Hell, I am unstoppable now, I always have been. I’ve always just stopped myself for one reason or another. To elaborate, I have never lost anything, I gave things away. Even control, I gave willingly. I admit but I do not submit.
Walking away from 2009 means I have stepped outside of my defining decade.
Stay tuned for what I do with my definition.
11 comments:
I can think of one person you can thank, yourself! As the old saying goes "You've come a long way Baby!". And you have and you can hold your head up and be proud. I am not the only one that is proud of you, there are others. You are a survior and you are going to go places. Congrats to you for being you!
Thank you
Nice post & nice blog. I love both.
Thank you!
I love this post, life is ever changing and yet the past can not dictate where the future goes.. happy new year
Yeah, I miss Panic! at the Disco's original stuff like 'I Write Sins not Tragedies',that was a favorite. I guess with one of the band members leaving and them getting older and more mature their sound's changed. And yes, we do need something new once in a while, I know I definitely do. Thanks for your comment and have a HAPPY NEW YEAR :)

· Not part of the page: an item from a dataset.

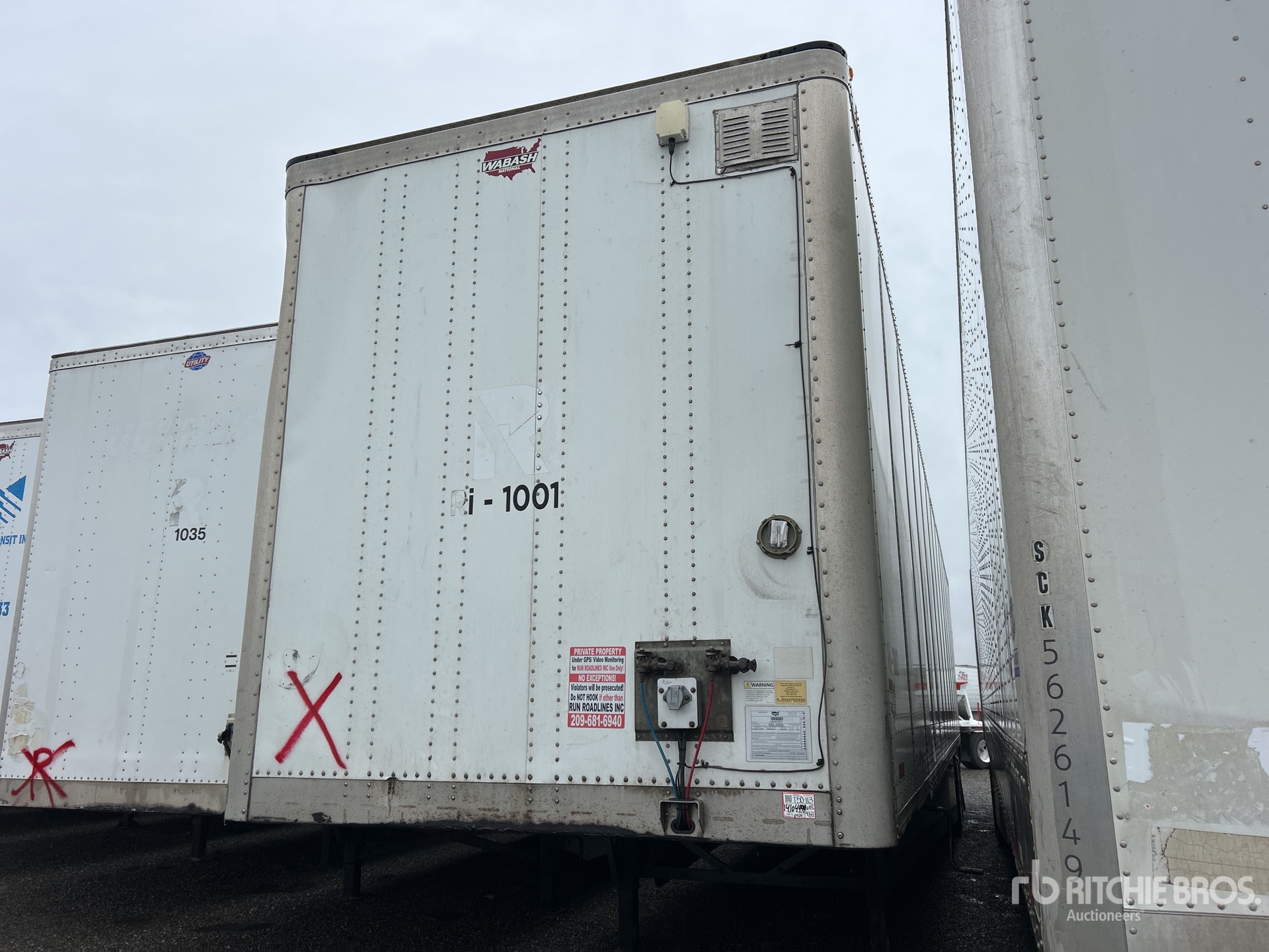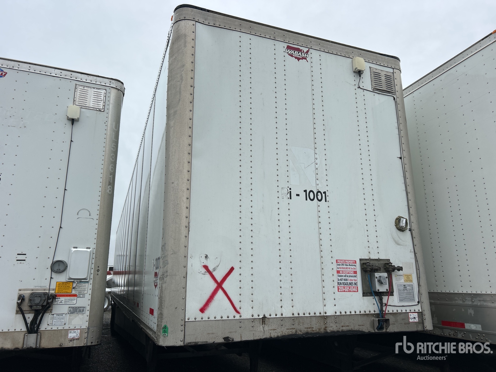 Suspension pneumatique coulissante, jupes latérales, plancher de bois franc, porte battante, pneus 295/75R22.5, PNBV de 68 000 lb

@Julie: I'm glad you loved it. :) Happy new year to you as well!
@Girl with the Broken Smile: Someone left? I had no idea. There's this guy that works at Olive Garden here that looks just like Brandon (or however you spell his name) though, haha, he's really cute obviously. Happy new year!
Hi there! Just stopping by from SITS...are you sure you're only 18?? Great writing and substance! Very impressive blog :) I hope you achieve all of your goals...I am about to start my Ph.D!
@RW @ TrueBeauty: I'm not even eighteen! Haha :) I'm only seventeen right now, I'll be eighteen in July. Thank you so much for the comment, good luck on your Ph. D!!
"It’s hard to believe it has been ten years since ten years ago."
I don't know what the future holds for you, but as far as I know, this sort of feeling never goes away as long as you're paying attention. Happy New Year, and keep up the introspective balancing act!
@D: I hope this feeling never goes away, and to fulfill that hope—as when it comes to personal wishes involving growth, character, etc., we control whether we receive the things we hope or wish for—I will make sure it never strays. Happy new year to you as well, make it the very best!